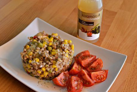 Pro tento recept potřebujete uvařené pšeničné kroupy a pohanku. Nic jiného vařit nepotřebujete. Přidáte jednoduše zeleninovou směs z konzervy.
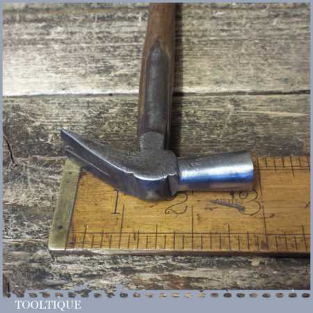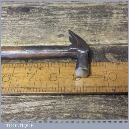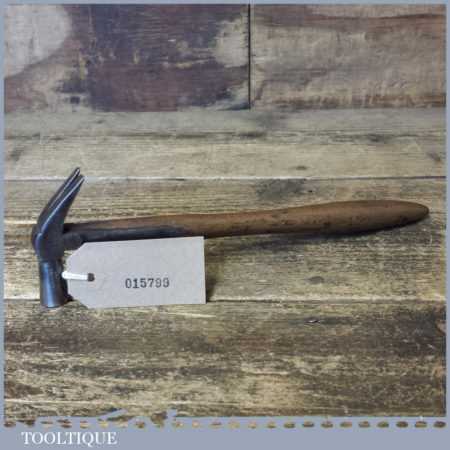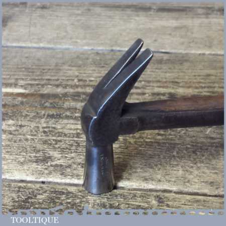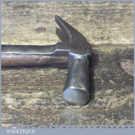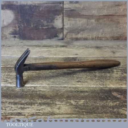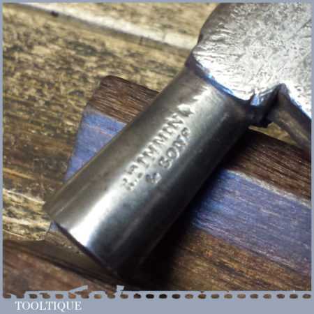 Vintage R. Timmins & Sons leatherworking strapped tack claw hammer with bulbous wooden handle, in good used condition.
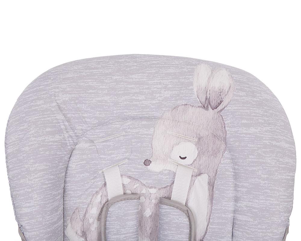 Scaun de masa pentru copii Sweet Nature Grey Deer cu inaltime reglabila, pliabil, spatar reglabil, roti ,husa impermeabila detasabila, suport picioare reglabil, tavita dubla,centuri de siguranta,sistem siguranta antialunecare
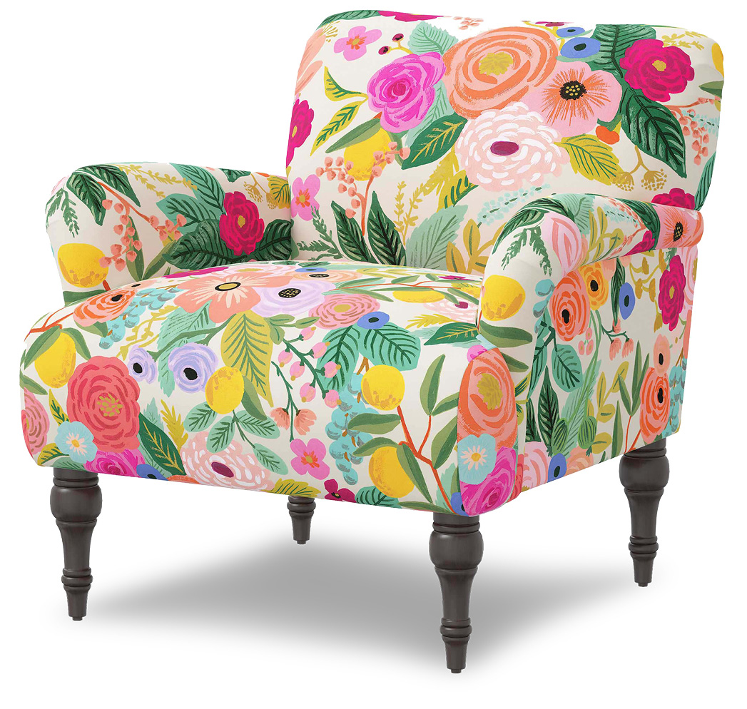The Bristol Armchair from Cloth & Company is upholstered in Rifle Paper Co.’s “Garden Party” pattern. The classic design is perfect for curling up with a good book. An exclusive made-to-order piece.
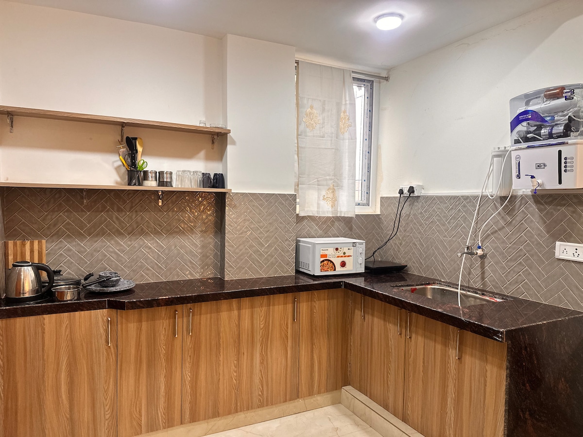 Nikmati penginapan yang selesa dan bergaya di apartmen mewah 1BHK yang moden dan luas ini, yang direka dengan teliti untuk menampung sehingga 4 tetamu. Katil bersaiz king yang selesa, manakala ruang tamu termasuk katil air mani sofa bersaiz king, menjadikannya ideal untuk keluarga, pasangan, atau kumpulan kecil. Apartmen ini menawarkan dua bilik mandi premium, memastikan kemudahan dan privasi. Dapur yang serba lengkap membolehkan anda memasak dengan mudah dan melangkah keluar ke kawasan duduk luar yang damai, sesuai untuk minum teh pagi.
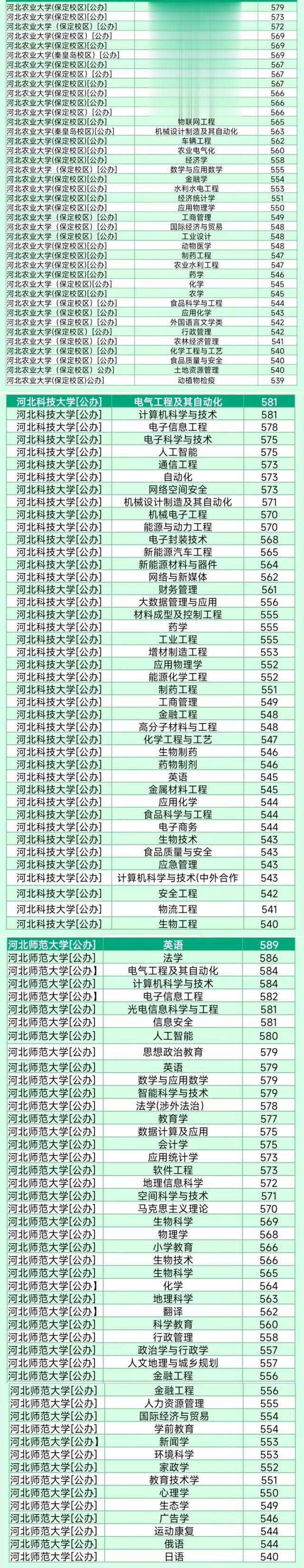 河北医大最高分是629分的临床医学(5+3),临床医学一向是医学大类里分数比较高的,尤其是这种本硕连读的,更是分数高很多,因为临床医学没个硕士傍身基本上没法就业;最低是553分的健康服务与管理。河北大学最高分是599分的计算机科学与技术;最低分是545分的护理学,护理学一般是医学大类里录取分数比较低的专业,即使是北大的护理学也是一样。河北农大最高分是579分的电气工程与自动化;最低是539分的动物检验检疫。河北科大最高分也是581分的电气工程与自动化,最低分是540分的生物工程。
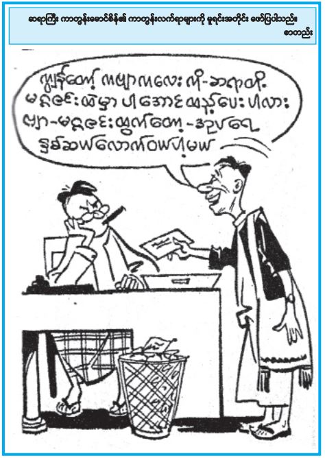 ဆရာကြီး ကာတွန်းမောင်စိန်၏ ကာတွန်းလက်ရာများကို မူရင်းအတိုင်း ဖော်ပြပါသည်။
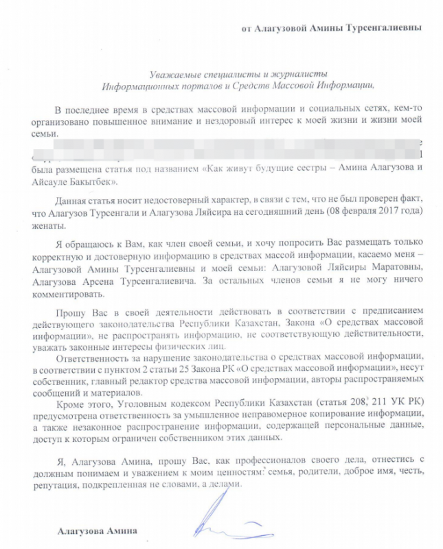 По словам Амины Алагузовой, в последнее время повышен интерес к ее личной жизни и ее семье. Амина Алагузова отмечает, что в одном из казахстанских изданий вышел материал с недостоверной информацией о ней и дочери Баян Есентаевой. Дочь Турсенгали Алагузова написала в заявлении, что ее родители на сегодняшний день находятся в браке. Девушка просит СМИ размещать корректную информацию касательно ее семьи.

• • •

_Task brief_
Leaving the images out, print the records above exactly.

_Written solution_
 Pro tento recept potřebujete uvařené pšeničné kroupy a pohanku. Nic jiného vařit nepotřebujete. Přidáte jednoduše zeleninovou směs z konzervy.
 Vintage R. Timmins & Sons leatherworking strapped tack claw hammer with bulbous wooden handle, in good used condition.
 Scaun de masa pentru copii Sweet Nature Grey Deer cu inaltime reglabila, pliabil, spatar reglabil, roti ,husa impermeabila detasabila, suport picioare reglabil, tavita dubla,centuri de siguranta,sistem siguranta antialunecare
The Bristol Armchair from Cloth & Company is upholstered in Rifle Paper Co.’s “Garden Party” pattern. The classic design is perfect for curling up with a good book. An exclusive made-to-order piece.
 Nikmati penginapan yang selesa dan bergaya di apartmen mewah 1BHK yang moden dan luas ini, yang direka dengan teliti untuk menampung sehingga 4 tetamu. Katil bersaiz king yang selesa, manakala ruang tamu termasuk katil air mani sofa bersaiz king, menjadikannya ideal untuk keluarga, pasangan, atau kumpulan kecil. Apartmen ini menawarkan dua bilik mandi premium, memastikan kemudahan dan privasi. Dapur yang serba lengkap membolehkan anda memasak dengan mudah dan melangkah keluar ke kawasan duduk luar yang damai, sesuai untuk minum teh pagi.
 河北医大最高分是629分的临床医学(5+3),临床医学一向是医学大类里分数比较高的,尤其是这种本硕连读的,更是分数高很多,因为临床医学没个硕士傍身基本上没法就业;最低是553分的健康服务与管理。河北大学最高分是599分的计算机科学与技术;最低分是545分的护理学,护理学一般是医学大类里录取分数比较低的专业,即使是北大的护理学也是一样。河北农大最高分是579分的电气工程与自动化;最低是539分的动物检验检疫。河北科大最高分也是581分的电气工程与自动化,最低分是540分的生物工程。
 ဆရာကြီး ကာတွန်းမောင်စိန်၏ ကာတွန်းလက်ရာများကို မူရင်းအတိုင်း ဖော်ပြပါသည်။
 По словам Амины Алагузовой, в последнее время повышен интерес к ее личной жизни и ее семье. Амина Алагузова отмечает, что в одном из казахстанских изданий вышел материал с недостоверной информацией о ней и дочери Баян Есентаевой. Дочь Турсенгали Алагузова написала в заявлении, что ее родители на сегодняшний день находятся в браке. Девушка просит СМИ размещать корректную информацию касательно ее семьи.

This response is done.